'''

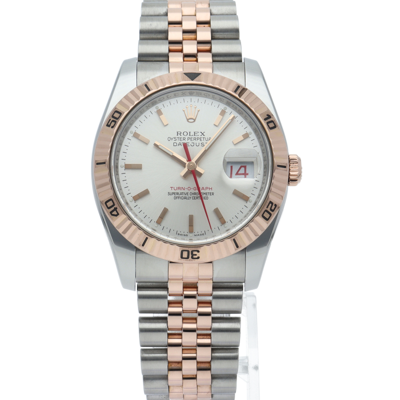 サンダーバードの後継機として誕生した「ターノグラフ」はケースやバックル等が仕様変更され高級感溢れる1本です。人気の高いピンクゴールドとのコンビモデルです。
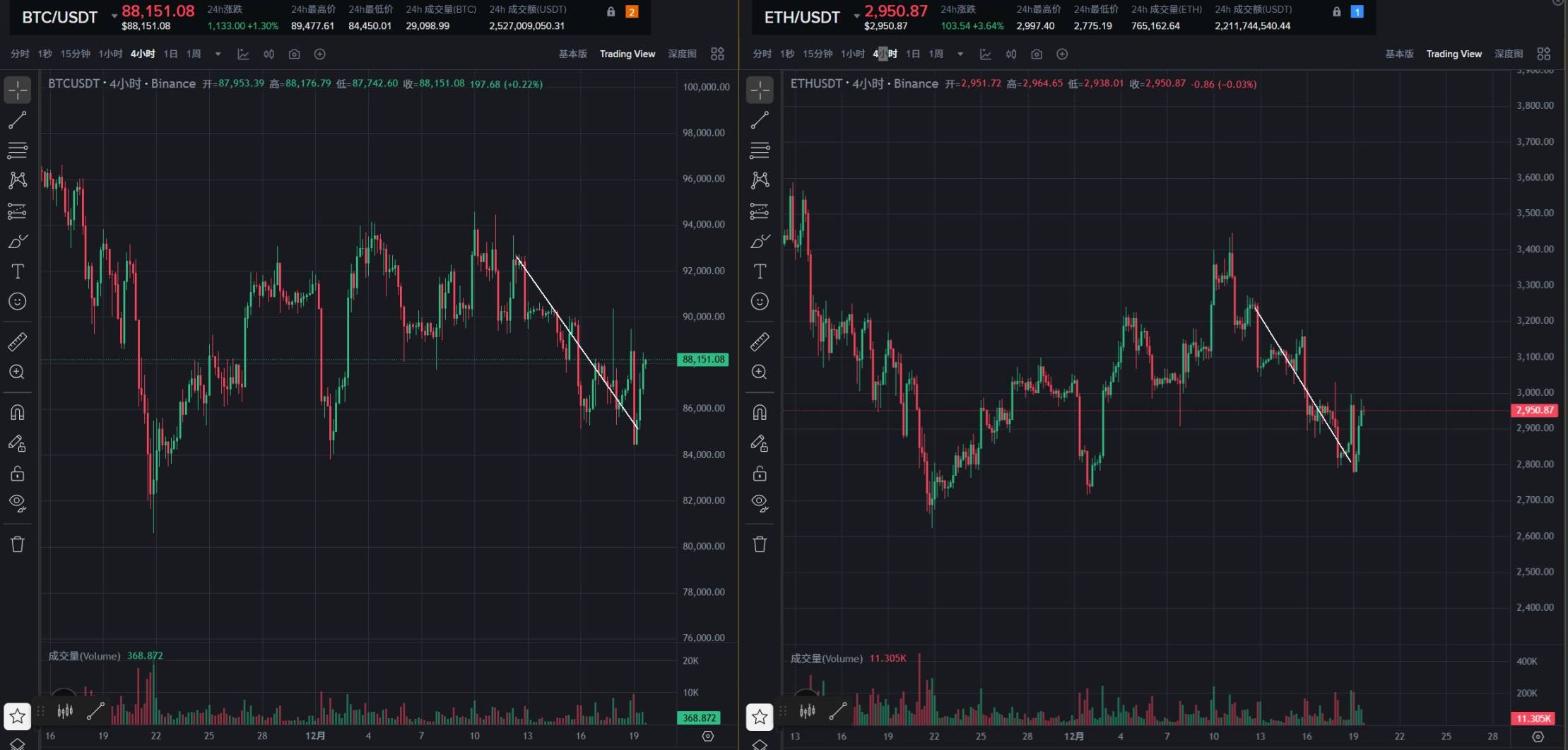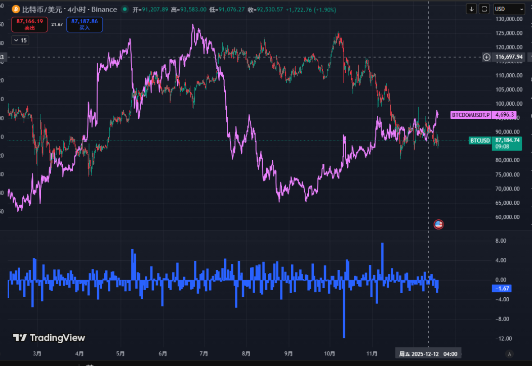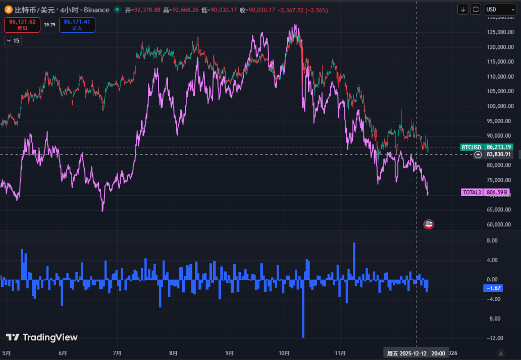 上周我们明确指出,市场处于 “上攻乏力、下跌有限” 的震荡格局。本周行情延续波折走势,94000 美元始终是难以突破的强压力位。自 11 月底开启的反弹,本质属于弱势反弹,这也是我们上周持续建议尝试放空策略的核心逻辑。
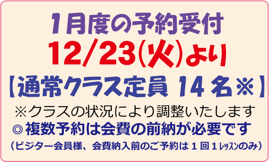 ★複数レッスンの同時予約は予約前に会費の前納をお願いいたします。
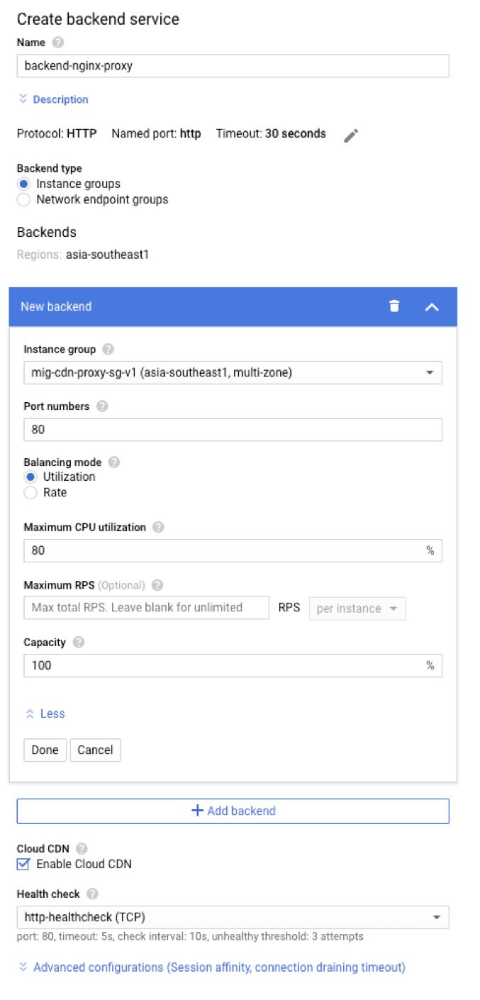 在新建的 Backend service 配置中选择之前创建的 Instance group,勾选“Enable Cloud CDN”,并选择之前创建的 HTTP 健康检查。
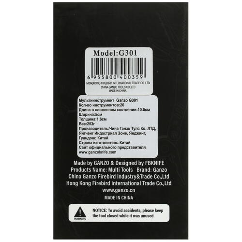 Инструмент Ganzo G301 идет в комплекте с плотным чехлом для хранения и блистером с битами. Благодаря прочному пружинящему механизму и замку Axis Lock вы можете не бояться, что лезвия ножей или других насадок случайно откроются в кармане. Мультитул с расширенным набором функций заменит даже небольшой молоток, огниво и приспособление для захвата цилиндров и гаек.
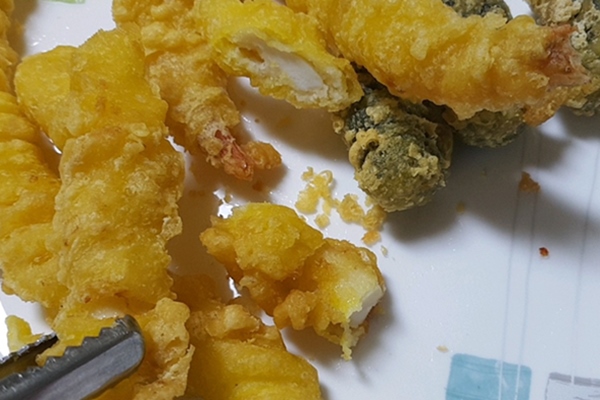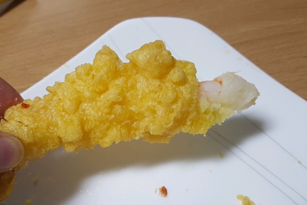 튀김은 바삭하고 튀김옷이 큰 편이에요. 하지만 씹는 느낌이 좋은데 너무 바삭했나봐요. 급하게 먹다보니 입천장이 좀 헤어졌어요.
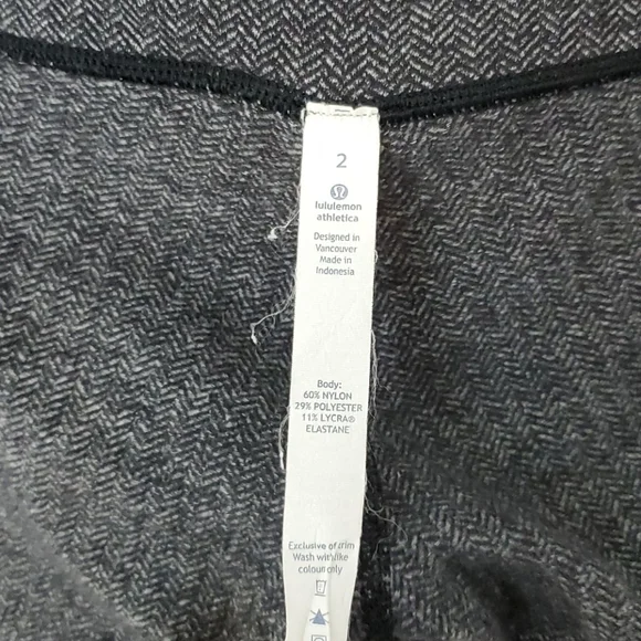 Lululemon Wunder Under Pants HerringboneColor: Herringbone/BlackSize: 2Fit: Tight** All measurements are taken flat lay style and are approximate**Rise: 6.4" approxBand: 3.5" approxInseam: 28.8" approxLeg opening: 3.4" approxMaterial: 60% Nylon 29% Polyester 11% Lycra SpandexDescription: Gusset design, pocket at waistband, herringbone designLaundered: Washed in 7th Generation & Oxiclean, hung to dryCondition: Fading from wash/wear, stitched up hole at right leg shin area along stitching WC163D0
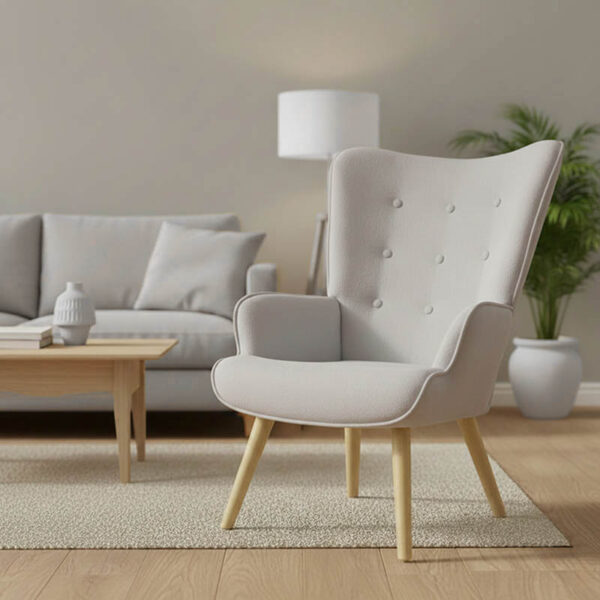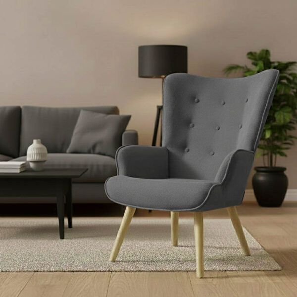 Πολυθρόνα Fluffy pakoworld ύφασμα γκρι-πόδι rubberwood φυσικό 75x69x96εκ
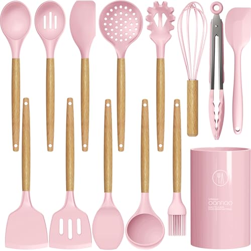 Silicone Kitchen Utensils Set – 446°F Heat Resistant Cooking Utensil Sets, Spatula,Turner,Tongs,Spoon,Brush,Whisk, Wooden Handle Silicone Kitchen Gadgets Tools for Non-Stick Cookware BPA Free (Pink)
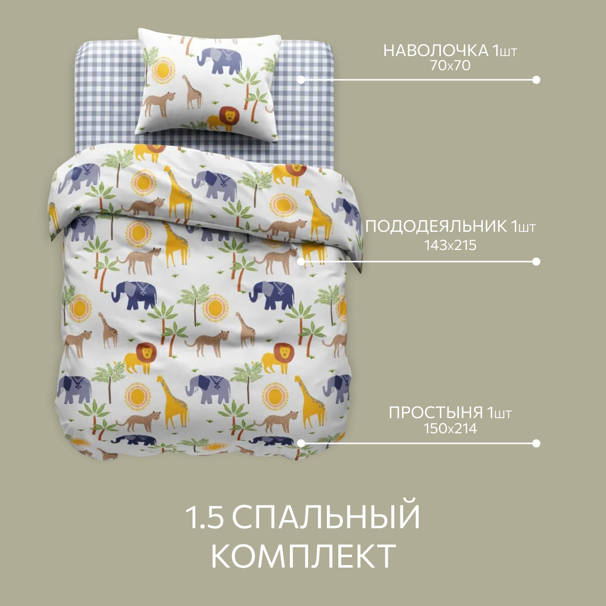 Постельное белье, Бязь, 1.5 спальное, 1 наволочка 50х70, GM, Аnimal traffic 100% хлопок 1 710 ₽
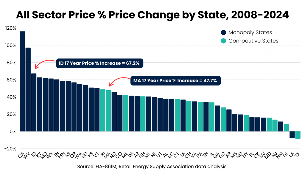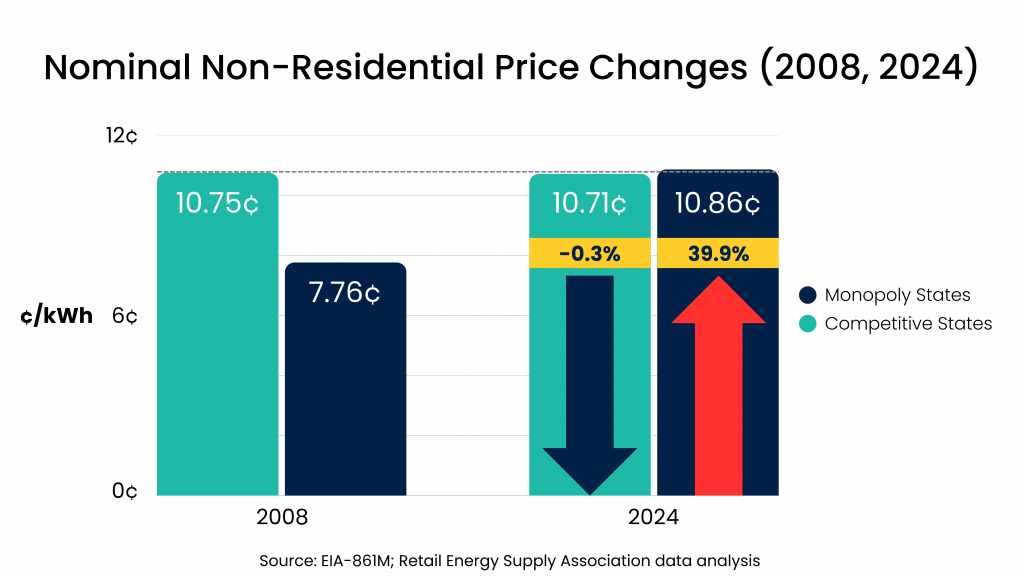 The effect of competition and downward price pressure can be found in all consumer class electricity prices. When comparing all monopoly utility states to competitive states, non-residential (industrial and commercial) electric prices increased by nearly 40% between 2008-2024 in monopoly states. In contrast, electric prices for that same consumer class slightly decreased by .3%.
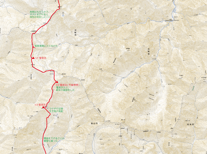 昨年の年越しと同じメンバーで集まり、「おもしろい登山は何か」という話し合いのもと、テントや避難小屋利用はなしの雪洞メインで進むことに決めた。ぎりぎりまで行程の話し合いは続いたが、3人で水晶岳を目指し、その後自分はソロで新穂高を目指した。
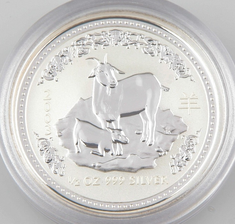 2003 Lunar Year of the Goat Australian Round 1/2 oz 999 Silver BU Condition

'''

* Exercise
The required output is the exact run of lines from the start of the records through the line containing "在新建的 Backend service", both ends included, with no pictures.

* Task result
 サンダーバードの後継機として誕生した「ターノグラフ」はケースやバックル等が仕様変更され高級感溢れる1本です。人気の高いピンクゴールドとのコンビモデルです。
 上周我们明确指出,市场处于 “上攻乏力、下跌有限” 的震荡格局。本周行情延续波折走势,94000 美元始终是难以突破的强压力位。自 11 月底开启的反弹,本质属于弱势反弹,这也是我们上周持续建议尝试放空策略的核心逻辑。
 ★複数レッスンの同時予約は予約前に会費の前納をお願いいたします。
 在新建的 Backend service 配置中选择之前创建的 Instance group,勾选“Enable Cloud CDN”,并选择之前创建的 HTTP 健康检查。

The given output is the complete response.